メイリンの婚約者予定フランシスが魔法の才能に溢れる秀才だ。ジューリアにも平等に優しくて接してくれる良い人だが魔法を使えるようになったと言う程信頼している訳でもない。
やはり、ヴィルに習うしかない。
「基本的な魔力操作方法を教えて。後は独学で頑張る」
「ジューリアがやりたいようにやればいい」
早速魔力操作の初歩的な訓練から始めようとなり、呼び鈴を鳴らし侍女を呼んだ。いつの間にかいた天使様に吃驚する侍女に食器を下げてもらうのとヴィルと出掛けると言い残し、ヴィルの魔法で空へ飛んだ。一定の距離内にいれば多少離れても浮いていられる。
「大教会の部屋で練習をしよう」
「分かった」
早く魔法を上手に使いこなし、公爵家を出て行きたい。
「ジューリア!」
シメオンの声が飛んできた。嫌な予感を抱いて後ろを見ると追い掛けて来ていた。げんなりとしつつ、止まって振り向いた。
「待ちなさい! 何処へ行く気だ!」
「天使様に散歩に誘われたので」
「そうだとしても、何故私達に一言もなく行くんだ。今日はシルベスター家が来る」
「メイリンの婚約を発表するのですか?」
「それはまだだ。今日はその打ち合わせを兼ねてフランシスやエメリヒが遊びに来る。勿論、シルベスター夫妻もいる。ジューリアも久しぶりにフランシスやエメリヒと会いたいだろう」
フランシスは兎も角、会う度に攻撃してくるエメリヒと会いたい等と一度も思った事はない。自分が嫌と言ってもシメオンは折れない。仕方なく静観しているヴィルに意見を求めた。
「ヴィルはどうする?」
「天使様、ジューリアを気に入って頂けたのは我が家としても大変喜ばしい事です。ですがこの子にはこの子の事情もあり……」
ヴィルの意見を求めたのにシメオンが先に私見を述べる。溜め息を吐きたくなるのを堪え、ヴィルの出方を伺った。チラリと銀瞳が二人じゃない、別の方を一瞥した。
「いいよ。散歩は今度にしようジューリア」
「はーい」
「その代わり、終わったら連絡をして。これあげる」
渡されたのは鳥笛。頭に息を吹き込むと音がヴィルにだけ伝わるのだとか。
「屋敷へは公爵がジューリアを送ってくれるのかな」
「勿論です」
「そう。じゃあねジューリア」
呆気なくヴィルと別れ、飛んで直ぐだったのでフローラリア家に戻るのに全く時間は掛からなかった。庭に降り立つと侍女がオロオロとしていた。
「旦那様、お嬢様」
「ジューリアの準備をしてくれ」
見栄を張りたがるのは貴族らしいが一度見捨てた娘に求めて来るなと何度言ったってシメオンもマリアージュも変わらない。昨日着ていたメイリンのドレスは貰える事になったが今度着る機会は何時になるか。

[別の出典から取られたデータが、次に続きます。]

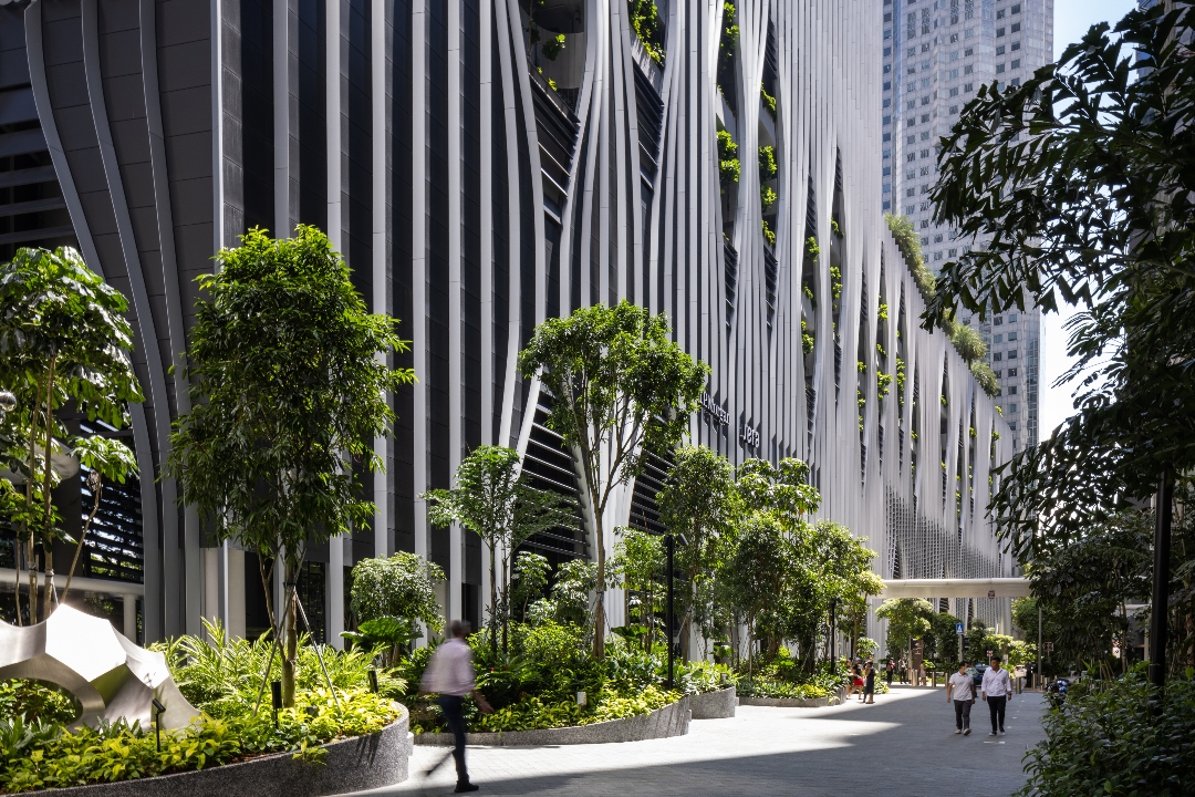 On street level, CapitaSpring restores a portion of the historically significant Market Street to the public realm by pedestrianizing the stretch and creating an expanded landscaped area which creates new green breathing space in the high-density CBD for the neighboring tenants and passersby.
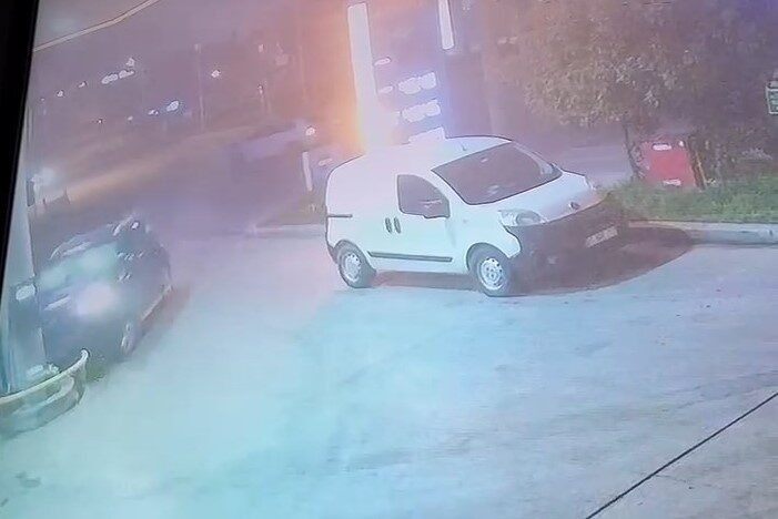 Kaza anı akaryakıt istasyonunun güvenlik kamerası tarafından kaydedildi. Görüntüde cadde üzerinde ilerleyen otomobil ile kavşaktan caddeye bağlanan diğer otomobilin çarpıştığı görülüyor. Görüntünün devamında; savrulan otomobilin yol kenarındaki akaryakıt istasyonu pompasına çarptığı anlar yer aldı.
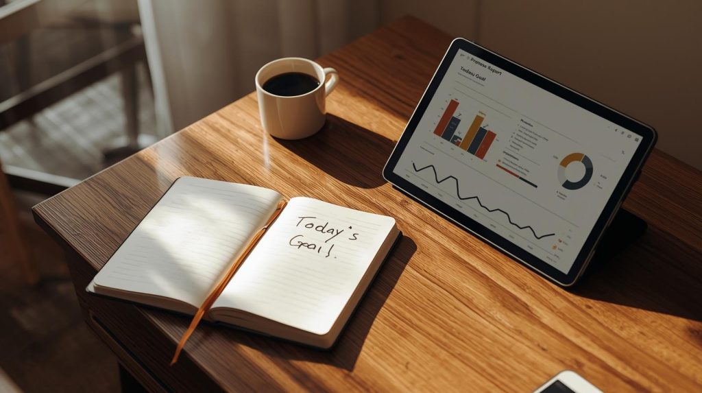 گام عملی ترکیبی: دفترچهی کاغذی شما به یک سکوی پرتاب و گزارش روزانه تبدیل میشود. هر صبح ۵ دقیقه برنامهی دیجیتال خود را مرور کرده و قصد اصلی روز را بنویسید. همزمان، سیستم دیجیتال شما اتوماسیون را مدیریت میکند: مرور فلشکارتها را از طریق تکرار با فاصله زمانبندی میکند، یادآور مطالعه را فعال میکند و معیارهای عملکرد شما را ردیابی میکند.
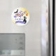 Este é um ímã Dia de as Bruxas engraçado projetado especialmente para optometristas ou qualquer pessoa na indústria de oftalmologia! Ele apresenta uma linha de etiqueta divertida "Hocus Pocus is my Focus!" junto com globos oculares e óculos, junto com as suas imagens padrão de Halloween de um morcego, um gato preto e teias de aranha! Um banner roxo de Feliz Halloween o rodeia no fundo. Totalmente divertido para qualquer um se divertir no Halloween!
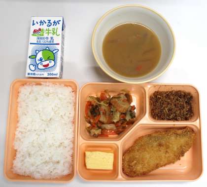 7月3日(月) 給食の献立は、白身魚フライ、ちくわと野菜の炒めもの、かつおぶしとじゃこのいり煮、卵焼き、豚汁、焼きのり、米飯、牛乳でした。
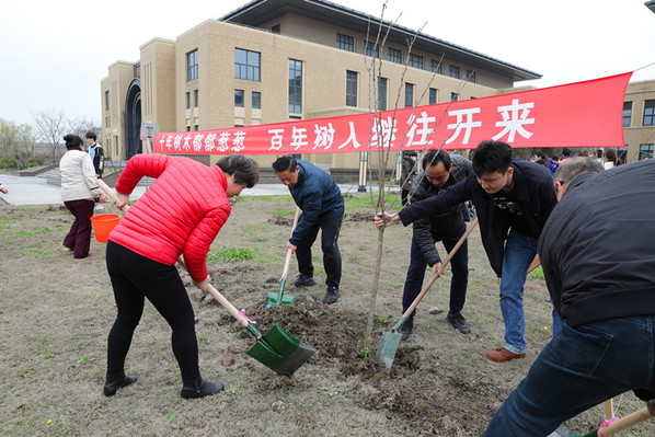 植树活动一开始,校领导就带领师生扛起铁锹,走向植树地点,和大家一起挥锹铲土、扶苗培土、围堰浇水,忙碌了起来。校领导一边劳动,一边同身边的师生交流加强生态保护、坚持绿色发展的看法,叮嘱大家养成爱护自然、保护环境的意识,用自己的双手把校园建设得更加美丽。
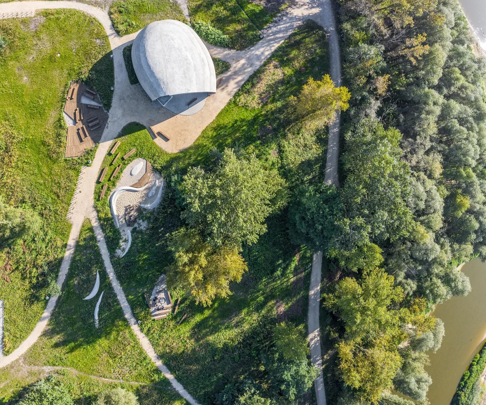 Forma pawilonu-kamienia łączy człowieka z naturą. Drobne okruchy tworzą zmienne ławice. Rzeka kreuje swój brzeg zgodnie z prawami natury, ma swoją własną geometrię, łach i ławic tworzonych przez przenoszony materiał skalny. Centrum opowieści o przyrodzie stanowi pawilon - kamień nawiązujący swym kształtem do kamieni polodowcowych charakterystycznych dla krajobrazu mazowieckiego środkowej Polski. Rysunek strefy brzegowej został przetworzony na plan łąki edukacyjno-przyrodniczej, która łączy się z sąsiednim rozległym obszarem brzegu rzeki objętym ochroną Natura 2000. Ścieżki przeplatają się z wyspami, które nawiązują do form aluwialnych, przyjmują ich kształt i odwołują się do materiałów transportowanych przez rzekę.
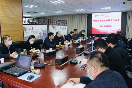 为扎实做好春季学期学生安全管理,进一步加强校园安全稳定工作,2月22日下午,学校学生安全稳定专项工作会议在龙子湖校区图书馆841会议室召开。校党委书记穆瑞杰,副校长杨志清、杨宝进出席会议,党委宣传部、党委学工部、后勤处、保卫处、大学生心理健康教育中心等职能部门负责人以及各学院(书院)党委书记、副书记参会。会议由副校长杨志清主持。
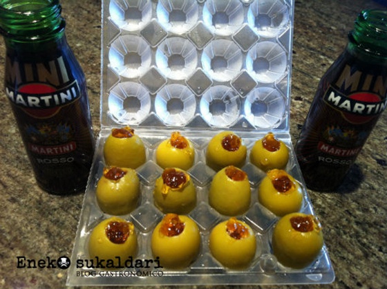 7. Dry martini ni agitado, ni mezclado... masticado. Con la aceituna dentro de la gelatina, con forma de cubito de hielo con sorpresa, o con la aceituna como molde. Así de apetitosa le queda al chef Falsarius la propuesta que tiene forma de cubito de hielo con sorpresa. Advertencia de su receta: "Cuanto más ricas sean las aceitunas, mejor". Será más fácil de desmoldar, dice también, si se usa un molde de silicona.
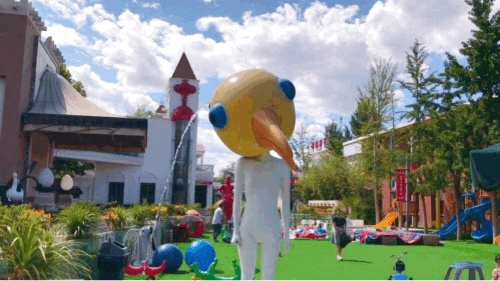 造型独特的雕塑、可爱造型的喷泉,遍布小镇各处,极具艺术感。
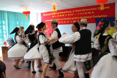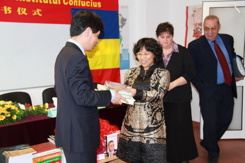 浙江出版联合集团及旗下浙江教育出版社向孔子学院捐赠了包括最新出版的《汉罗交际语言基础》及《中国书法艺术和硬笔书法指导》在内的400多册中英文书籍。巴比什-波雅依大学出版社捐赠了一批罗马尼亚语及英语书籍。孔子学院中方院长冯少中代表孔子学院接受捐赠。

親戚と会うなら派手に着飾る必要もない。ジューリアのドレスは既にマリアージュが手配しているらしく、十日後に届くとか。
帝都で大人気のマダムビビアンがデザインするドレスはどれも好きだがどうしても欲しいという気持ちまではない。
侍女と部屋に戻る前、シメオンに呼び止められた気がするも、空耳だろうと気にしなかった。
「……」
邸内へ入っていくジューリアを一人寂しげに見つめるシメオンだった。